Machine learning may identify treatment options for depression
Click Here to Manage Email Alerts
Key takeaways:
- Ensemble machine learning models may predict secondary treatment for depression that does not respond to antidepressants initially.
- Prediction success depends on treatment type.
WASHINGTON — Ensemble machine learning models may indicate second-line treatments for people whose depression does not benefit from antidepressant pharmacotherapy, according to a poster presented here.
The poster was awarded best poster from an early career professional by the Anxiety & Depression Association of America.
Joshua Curtiss, PhD, a postdoctoral fellow in psychology at the Depression Clinical & Research Program at Massachusetts General Hospital in Boston, and colleagues used data from the Sequenced Treatment Alternatives to Relieve Depression (STAR*D) study to evaluate ensemble machine learning models. Specifically, they used data from 1,439 STAR*D participants who were randomly assigned to seven types of treatment after antidepressant treatment.

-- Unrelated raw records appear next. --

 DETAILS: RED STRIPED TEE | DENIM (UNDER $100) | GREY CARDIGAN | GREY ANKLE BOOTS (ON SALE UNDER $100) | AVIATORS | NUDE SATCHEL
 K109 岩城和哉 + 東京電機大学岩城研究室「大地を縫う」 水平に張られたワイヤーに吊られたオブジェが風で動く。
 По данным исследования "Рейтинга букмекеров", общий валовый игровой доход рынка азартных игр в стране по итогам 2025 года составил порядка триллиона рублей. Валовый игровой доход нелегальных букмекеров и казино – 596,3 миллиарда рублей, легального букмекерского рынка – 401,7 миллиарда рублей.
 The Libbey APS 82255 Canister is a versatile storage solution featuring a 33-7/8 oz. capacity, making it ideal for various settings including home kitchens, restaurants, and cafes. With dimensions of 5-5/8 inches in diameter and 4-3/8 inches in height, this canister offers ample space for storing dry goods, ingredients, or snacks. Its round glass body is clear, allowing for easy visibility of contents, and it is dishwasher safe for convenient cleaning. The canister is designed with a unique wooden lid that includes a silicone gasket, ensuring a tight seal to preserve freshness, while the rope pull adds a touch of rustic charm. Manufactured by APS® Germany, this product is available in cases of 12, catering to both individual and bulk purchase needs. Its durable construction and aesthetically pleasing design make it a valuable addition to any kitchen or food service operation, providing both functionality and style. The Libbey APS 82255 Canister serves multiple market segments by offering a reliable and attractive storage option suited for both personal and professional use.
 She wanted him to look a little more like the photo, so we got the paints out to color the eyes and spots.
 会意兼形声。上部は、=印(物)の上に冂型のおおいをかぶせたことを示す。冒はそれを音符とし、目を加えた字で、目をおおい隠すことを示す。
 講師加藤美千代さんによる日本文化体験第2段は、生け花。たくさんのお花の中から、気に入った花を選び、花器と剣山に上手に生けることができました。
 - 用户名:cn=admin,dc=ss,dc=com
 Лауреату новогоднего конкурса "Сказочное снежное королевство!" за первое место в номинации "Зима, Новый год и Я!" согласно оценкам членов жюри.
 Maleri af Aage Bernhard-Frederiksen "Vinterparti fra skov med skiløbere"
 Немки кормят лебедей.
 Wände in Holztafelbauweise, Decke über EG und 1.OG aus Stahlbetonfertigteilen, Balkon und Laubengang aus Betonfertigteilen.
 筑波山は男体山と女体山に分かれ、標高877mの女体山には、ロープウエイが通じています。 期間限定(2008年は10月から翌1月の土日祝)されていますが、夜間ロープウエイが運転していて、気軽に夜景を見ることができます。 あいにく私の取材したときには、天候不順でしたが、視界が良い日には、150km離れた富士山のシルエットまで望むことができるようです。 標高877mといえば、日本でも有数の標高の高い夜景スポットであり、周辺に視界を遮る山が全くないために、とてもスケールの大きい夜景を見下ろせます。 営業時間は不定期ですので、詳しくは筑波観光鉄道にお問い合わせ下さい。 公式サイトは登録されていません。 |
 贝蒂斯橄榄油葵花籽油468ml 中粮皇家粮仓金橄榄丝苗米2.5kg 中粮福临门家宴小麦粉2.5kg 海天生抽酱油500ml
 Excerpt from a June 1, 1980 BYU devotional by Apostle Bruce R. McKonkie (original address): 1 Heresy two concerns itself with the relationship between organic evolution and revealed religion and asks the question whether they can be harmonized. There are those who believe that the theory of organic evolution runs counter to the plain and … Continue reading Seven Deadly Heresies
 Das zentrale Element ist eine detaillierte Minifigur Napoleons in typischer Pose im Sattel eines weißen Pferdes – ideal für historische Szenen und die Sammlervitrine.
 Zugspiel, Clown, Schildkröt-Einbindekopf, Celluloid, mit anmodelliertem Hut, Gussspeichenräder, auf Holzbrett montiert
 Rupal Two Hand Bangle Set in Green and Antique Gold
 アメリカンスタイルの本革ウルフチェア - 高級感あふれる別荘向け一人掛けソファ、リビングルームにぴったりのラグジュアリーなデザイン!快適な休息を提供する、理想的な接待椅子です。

To evaluate the ensemble model, which implemented multiple types of machine learning algorithms, the researchers used 155 predictor variables drawn from clinical and demographic variables to identify the likelihood of remission. They also evaluated the model using the top 10 predictors of remission.
“Including every single feature, every single variable in the world, mindlessly isn’t necessarily always the best step. You still want to be thoughtful about how you do this,” Curtiss said during the presentation. “Just using a simple t-test filter including the top 10 predictors is one of the simplest things you could do. You can outperform chance better than if you use absolutely every [predictor].”
Analyses of the machine learning predictions revealed they were least successful for augmented medication options (area under the curve [AUC] = 0.53-0.56) and most successful for cognitive therapy (AUC = 0.82).
“This is a good first step, but overall predictive performance was modest,” Curtiss said. “This is consistent with other machine learning sources and studies looking at these kinds of things.”
Moving forward, the researchers said future studies should identify better strategies for analyses and better predictor sets.